Exclusive: ‘If we could sort out ATC, that would give airlines a fighting chance’ – Eddie Wilson, CEO, Ryanair DAC

Simon Calder
Travel Correspondent
Thursday 04 August 2022 17:53 BST
Max pax: Ryanair’s specially designed Boeing 737 Max in Faro, Portugal
Max pax: Ryanair’s specially designed Boeing 737 Max in Faro, Portugal (Simon Calder)

One in five Ryanair flights this summer is being delayed by air-traffic control providers: that is the claim from the chief executive of the airline’s main operation.

Eddie Wilson, CEO of Ryanair DAC, told The Independent: “The major factor that’s affecting all markets, whether you’ve enough staff or you’re an airline that doesn’t have enough staff, is air-traffic control [ATC]. It is the culprit.

“We planned better, we’ve got the right amount of people, but still we will have delays this summer because of air-traffic control.

“It is taking 20 per cent plus out of our punctuality at the moment.

“That’s making life really, really difficult. And there’s no light at the end of the tunnel for ATC.”

Mr Wilson was particularly critical of air-traffic control organisations in Germany and France for delays to overflights. Almost all flights from the UK to Portugal, Spain and Italy overfly French airspace, while routings to Croatia, Greece and Turkey cross Germany.

“The Germans and the French need to hire more people so we can all get on our way this summer,” he said.

“That’s the ‘roundabout in the sky’ that everyone from Ireland and the UK has got to get through, to get to Spain, to get to Portugal and to get to Italy.”

“There are 15 per cent fewer flights and there are 20 per cent more delays this summer because of air-traffic control capacity.

“Even airlines that are organised, like Ryanair, that have everybody on the plane, everybody with their bags – they are waiting unnecessarily on runways to get departure clearance.

“That means that days are longer for our crews and it’s much harder to organise.

“Those airlines that don’t have enough staff – they end up having even more problems and unplanned cancellations.

“But if we could sort out ATC, that would give airlines a fighting chance.”

Mr Wilson said that operational crises of the sort that might affect aviation every few weeks are now daily occurrences in Europe

“We would normally have a 90 per cent plus record here, sometimes 95 per cent,” he said.

“This summer it has been at 60 per cent. That’s a huge drop.”

Budget airlines succeed by extracting high productivity from aircraft. They typically schedule a plane to operate two round-trips with a minimal “turn” of 25 or 30 minutes between them, followed by a “firebreak” of perhaps 45 minutes to recover lost time before another four flights.

Delays build up during the day. One example is the Wednesday evening Ryanair flight from Stansted to Cologne. It is scheduled to arrive at 11.20pm, but the last time it was on schedule was on 22 June. Since then the average delay has been one hour.

Crew finishing shifts late can also have a knock-on effect on future scheduling.

The Ryanair boss said air-traffic control delays are causing environmental harm by keeping aircraft on the ground with their engines running waiting for permission to take off.

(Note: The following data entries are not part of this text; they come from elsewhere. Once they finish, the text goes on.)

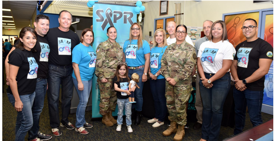
Puerto Rico National Guard representatives (L) and USAG Fort Buchanan members (R) pose for a group picture showing the collaboration between both Army components in support of the SHARP Program.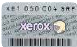
Xerox® Security Label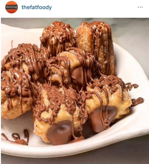
@thefatfoody (regrammed @thesweetlifeoflina) Followers: 22K Likes: 416 Comments: 14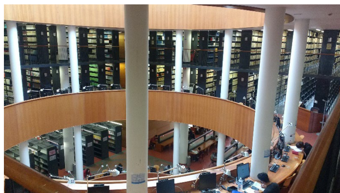
An external and internal overview of the Library of the Social Science Campus.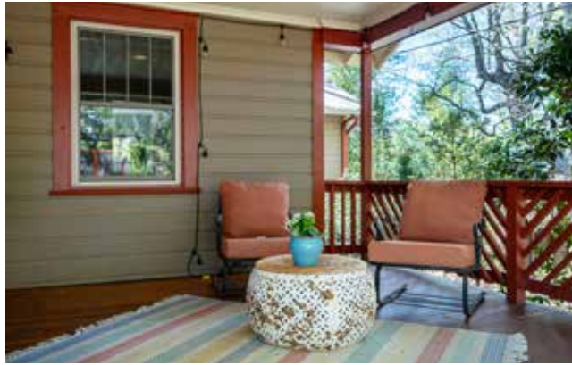
Peaceful Place to Relax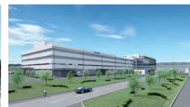
Proposed Textile Solution Center in Hirooka, Japan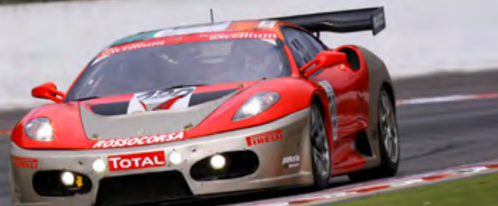
FERRARI KESSEL 430 GT3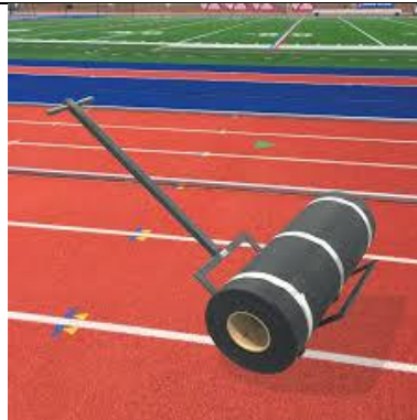
Long Jump Runway Cart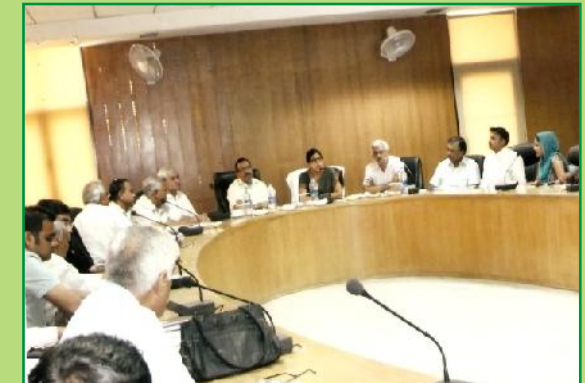
At conference Hall of DRDA, Rohtak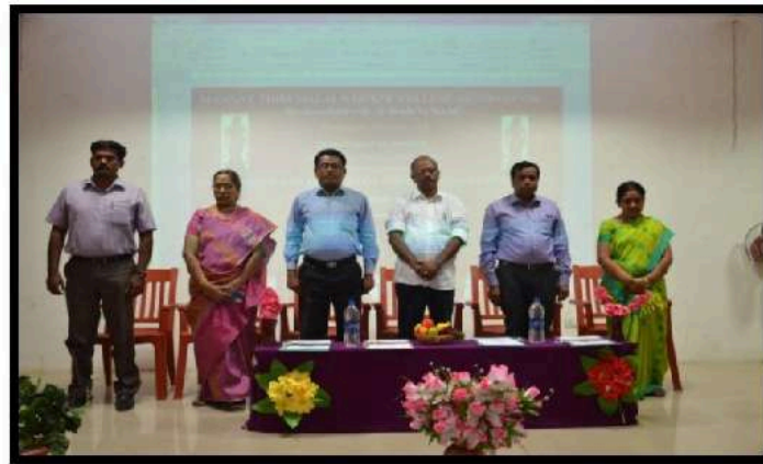
National Seminar (Autonomy Grant) on Nano Science and Technology for Energy and Environment on 17 th Feb 2017.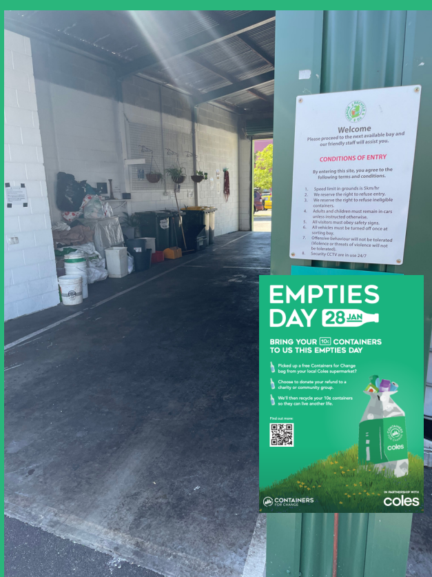
On the customer's journey through the depot (e.g. as they are waiting to drive through)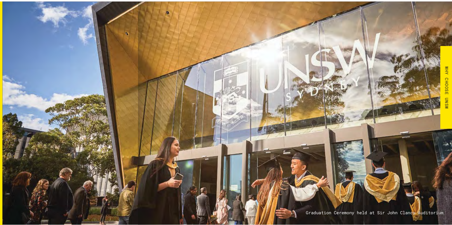
Graduation Ceremony held at Sir John Clancy Auditorium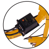
Variable Speed Control Box (Optional)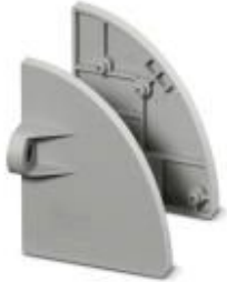
Flange, number of positions: 0, color: gray

Please be informed that the data shown in this PDF Document is generated from our Online Catalog. Please find the complete data in the user's documentation. Our General Terms of Use for Downloads are valid ( http://phoenixcontact.com/download )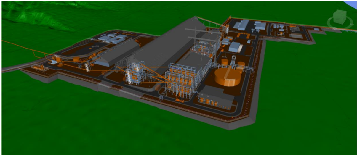
Figure 1: Process plant area model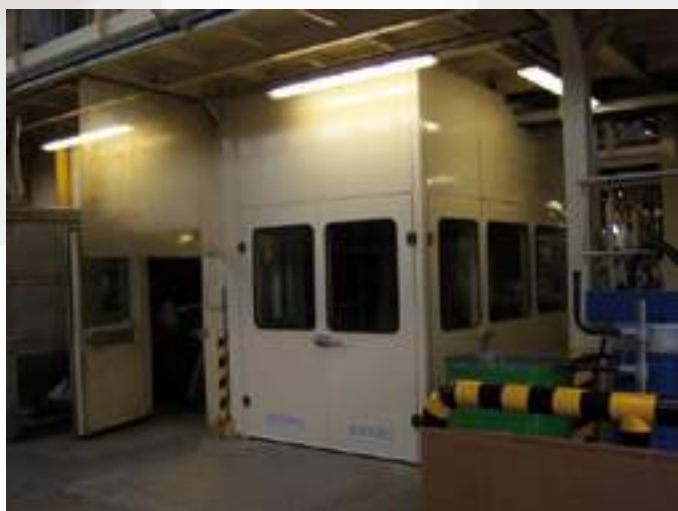
BAYER SpA – Pharmaceutical Plant - Filago (BG) - Italy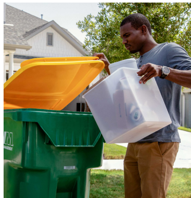
KEEP RECYCABLES LOOSE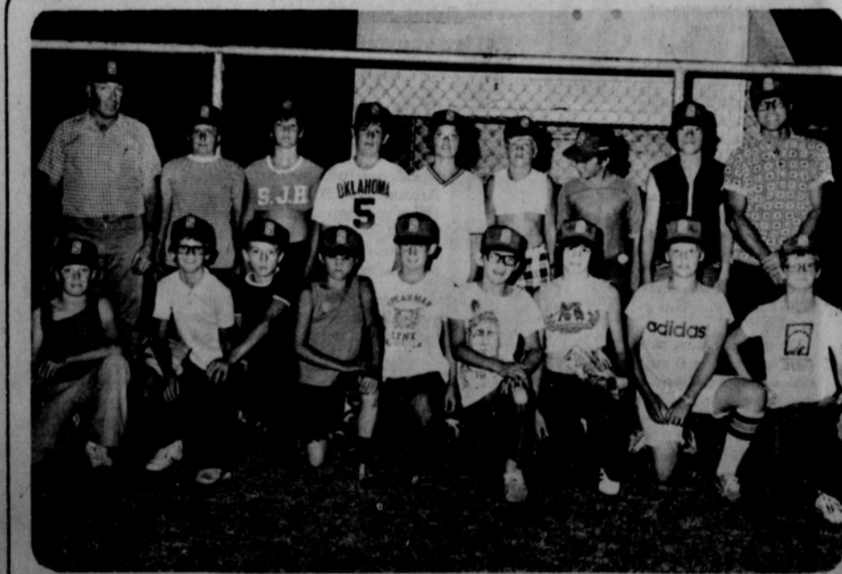
SPEARMAN'S ALL STAR TEAM HEADS FOR BORGER!

Spearman received an unofficial .70 moisture in showers Wednesday and Thursday nights. Temperatures have been moderate this week with high humidity.

He predicted: “It’s going to continue into next summer unless the German and the French governments adequately resource their ATC facilities.

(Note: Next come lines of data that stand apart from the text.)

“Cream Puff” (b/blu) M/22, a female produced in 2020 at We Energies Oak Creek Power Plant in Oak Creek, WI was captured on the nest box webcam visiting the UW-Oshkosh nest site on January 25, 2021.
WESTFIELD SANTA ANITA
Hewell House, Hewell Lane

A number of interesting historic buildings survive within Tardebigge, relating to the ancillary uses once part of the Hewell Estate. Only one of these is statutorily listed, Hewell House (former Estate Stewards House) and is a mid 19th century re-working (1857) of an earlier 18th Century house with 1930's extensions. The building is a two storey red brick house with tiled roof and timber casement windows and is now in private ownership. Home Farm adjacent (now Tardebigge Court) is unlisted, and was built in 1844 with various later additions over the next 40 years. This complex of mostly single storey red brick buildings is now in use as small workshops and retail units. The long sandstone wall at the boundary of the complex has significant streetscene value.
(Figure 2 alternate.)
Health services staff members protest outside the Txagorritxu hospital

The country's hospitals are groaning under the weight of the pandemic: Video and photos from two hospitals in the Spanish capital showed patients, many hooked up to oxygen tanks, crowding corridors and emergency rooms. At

“It is the infrastructure and it needs to be fixed.”

A spokesperson for the German air-traffic control provider, Deutsche Flugsicherung (DFS), rejected the criticism, saying: “DFS’s infrastructure must be fully available even with minimal traffic.

“Therefore, no staff was reduced during the crisis, but further recruited, especially young air traffic controllers.

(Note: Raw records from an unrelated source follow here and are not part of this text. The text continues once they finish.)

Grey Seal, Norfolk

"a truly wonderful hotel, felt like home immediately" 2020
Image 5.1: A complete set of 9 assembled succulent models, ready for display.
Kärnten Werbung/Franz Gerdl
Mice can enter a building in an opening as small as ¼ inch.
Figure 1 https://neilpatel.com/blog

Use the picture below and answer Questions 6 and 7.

“Around 100 young people started their air traffic controller training at DFS in each of the crisis years 2020 and 2021.

“In 2022 and the following years, we plan to hire around 140 new employees to start their training each year. Air traffic controllers need about four years to finish their training and we want to be well prepared for the future.”

The Independent has approached the French air-traffic control provider, the DSNA, for comment.